I need help with the following problem:
Plate capacitor, with area of electrodes S, and distance between them d has perfect dielectric, of relative permitivitty Ɛr. Capacitor is connected to constant voltage. Then, it is disconnected and dielectric is removed. What is the energy of a capacitor after dielectric is removed?
In the first case (with dielectric), energy of a capacitor is $$W_e^{(1)}=\frac{\epsilon_0\epsilon_rSU^2}{2d}$$
In my book's solution, energy in the second case (removed dielectric) is:
$$W_e^{(2)}=\frac{\epsilon_r^2\epsilon_0SU^2}{2d}$$
which doesn't change anything because dielectric is perfect (Ɛr=1).
So, in both cases, energy is the same.
Is this correct?
Best Answer
A 'perfect dielectric' in this case simply means that we can treat it as an ideal capacitor. We can show using Gauss' law that \$C=\frac{\epsilon_0\epsilon_rS}{d}\$. Recall the relationship \$\epsilon_0\epsilon_r = \epsilon\$ , and in particular, the fact that \$\epsilon_r=\frac{C_d}{C_0} \$, where \$C_d \$ is the capacitance with a vacuum between the plates. This implies that the relative permittivity \$\epsilon_r\$ is the factor by which capacitance changes when a dielectric is added.
Note that knowing only that \$W_e=\frac{CV^2}{2}\$, in combination with the definition of \$\epsilon_r\$, we can arrive at the solution given since the general form for energy stored in a capacitor doesn't change. By a simple discrete mathematical argument, we can safely say that the energy after removing the dielectric is larger. You probably would have arrived at this conclusion had you not misunderstood what a perfect dielectric was. While quick and dirty, this solution doesn't do much for the intuition, so I'll proceed another way.
Consider \$C=\frac{Q}{V}\implies\frac{Q}{C}=V\$; since the cap is essentially an open circuit, the charge cannot change when we remove the dielectric, the assumption here being that the dielectric has no net charge. From this simple observation, we have determined that the change in capacitance brought about by removing the dielectric must cause a change in voltage in this case. Therefore, voltage and electric field are changing. If we decrease the capacitance, the voltage must rise in this case (no battery). If there was a battery, then we could follow similar arguments, except in this case the voltage \$V\$, and hence \$\vec{E}\$ does not change.

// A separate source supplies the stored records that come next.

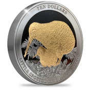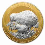 Kiwi pozłacany/ruten 2 uncje Srebra 2020 Limited Edition Proof High Relief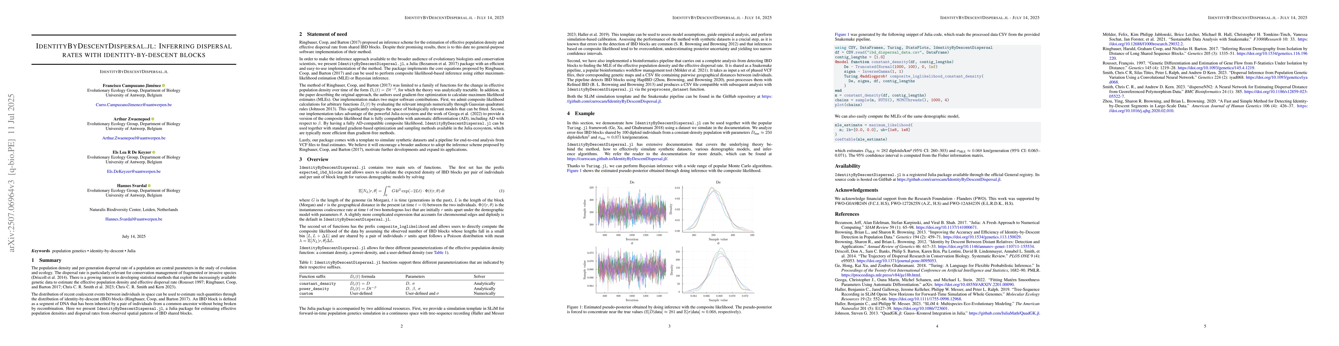 The population density and per-generation dispersal rate of a population are central parameters in the study of evolution and ecology. The distribution of recent coalescent events between individuals in space can be used to estimate such quantities through the distribution of identity-by-descent (IBD) blocks. An IBD block is defined as a segment of DNA that has been inherited by a pair of individuals from a common ancestor without being broken by recombination. We introduce a Julia package for estimating effective population densities and dispersal rates from observed spatial patterns of IBD shared blocks. It implements the inference scheme proposed by Ringbauer, Coop, and Barton (2017). The package provides a user-friendly interface, supports efficient gradient-based optimization and accommodates arbitrary user-defined demographic models through numerical integration. This software aims to encourage a wider audience to utilize spatial genetic data for estimating dispersal rates, thereby motivating further research and expanding its applications.
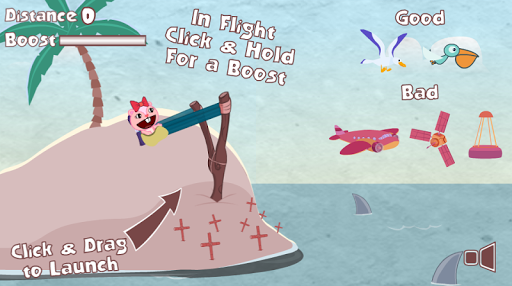 It takes guts to play Strandead, the new Happy Tree Friends HTML5 game! Help Giggles escape the island by using the slingshot to fire her into the air and across the sea. Bounce off birds to keep your momentum, but watch out for planes and satellites. Do you have what it takes?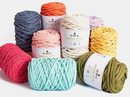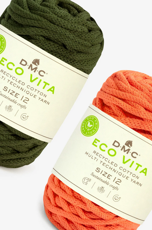 DMC Eco Vita 12 è un filato tubolare spesso 4 mm, composto per l’80% da cotone riciclato e il 20% da poliestere riciclato. Morbido, resistente e flessibile, è ideale per realizzare accessori per la casa, borse e progetti di macramè. Disponibile in una vasta gamma di colori, ogni gomitolo da 250g offre circa 55 metri di filato.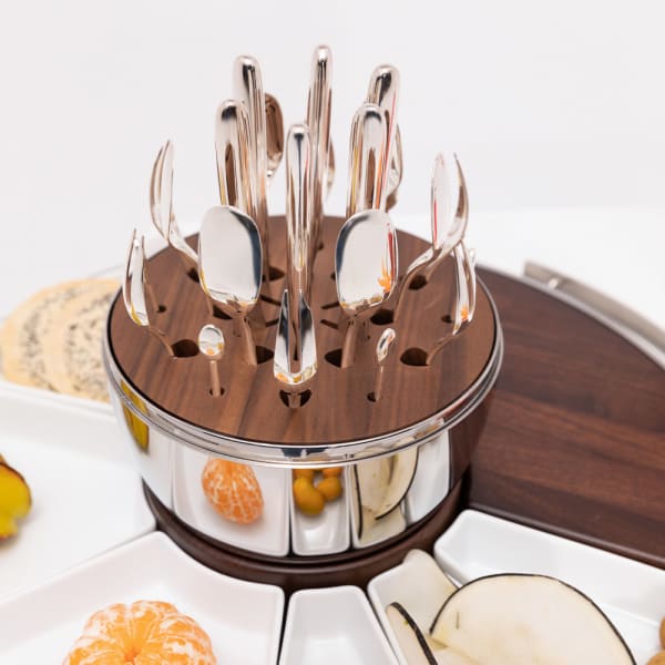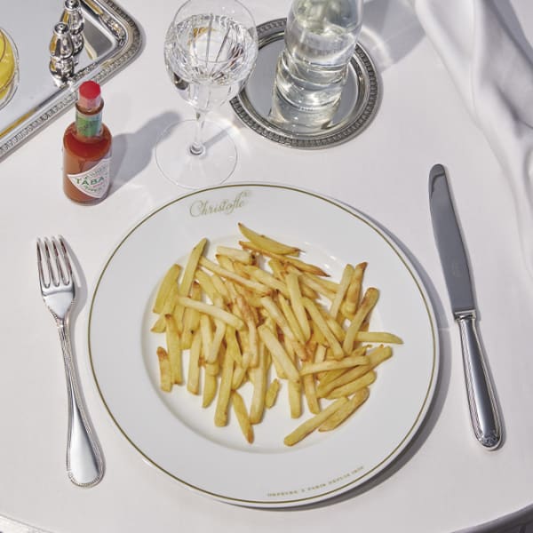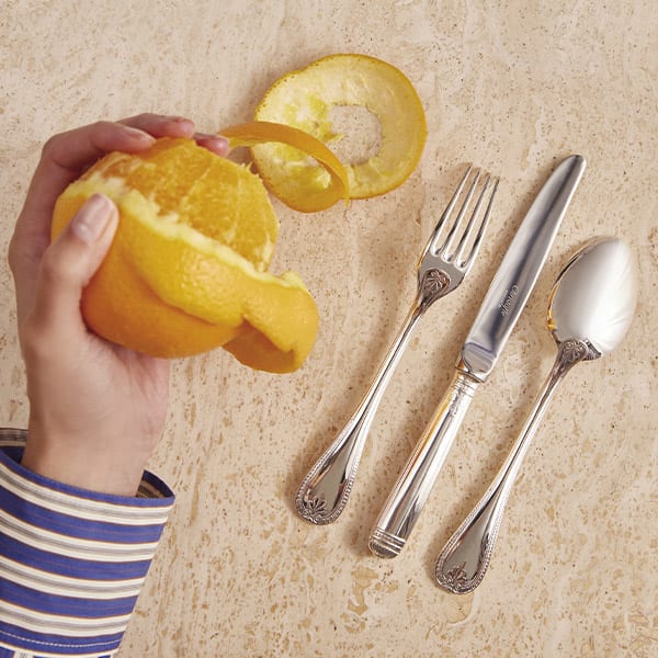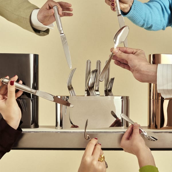 Pompon cutlery are offered by Christofle in silver-plated or gilded. The handles of this cutlery replicate the twisted aspect of the threads making up the pompom, reproducing the idea of the fluid movement of the threads of the passementerie. The entangled threads thus follow curved, irregular, undulating lines.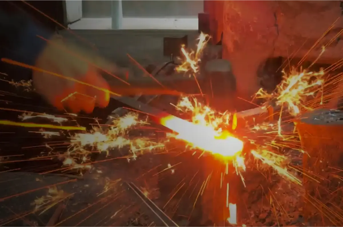 鋼を高温(およそ1000℃以上)に加熱し、叩いて形を整える作業です。

Let's put this another way considering the electric field: If we take the electric field \$\vec{E}\$ as \$E=\frac{V}{d}\$, or alternatively that \$E=\frac{\sigma}{\epsilon_0\epsilon_r}\$ , where \$\sigma=\frac{Q}{A}\$, we see again that \$\vec{E}\$ must change because the charge will remain the same while the permittivity \$\epsilon_0\epsilon_r = \epsilon\$ does not. (Again, this is not the case if the battery is still connected.) Ergo, we see an increase in voltage and electric field by removing the dielectric with no battery attached.
So, if we go through the plug and chug knowing the permittivity between the plates affects capacitance, and that the electric field and voltage must change given a constant initial charge, we get that the final energy is actually higher since we've done work on the capacitor.
In short, the energy is higher after the dielectric is removed. Your belief that a perfect dielectric means the \$\epsilon_r=1\$ is not correct I think; rather, 'perfection' in this case simply means that there is no electrical conductivity whatsoever.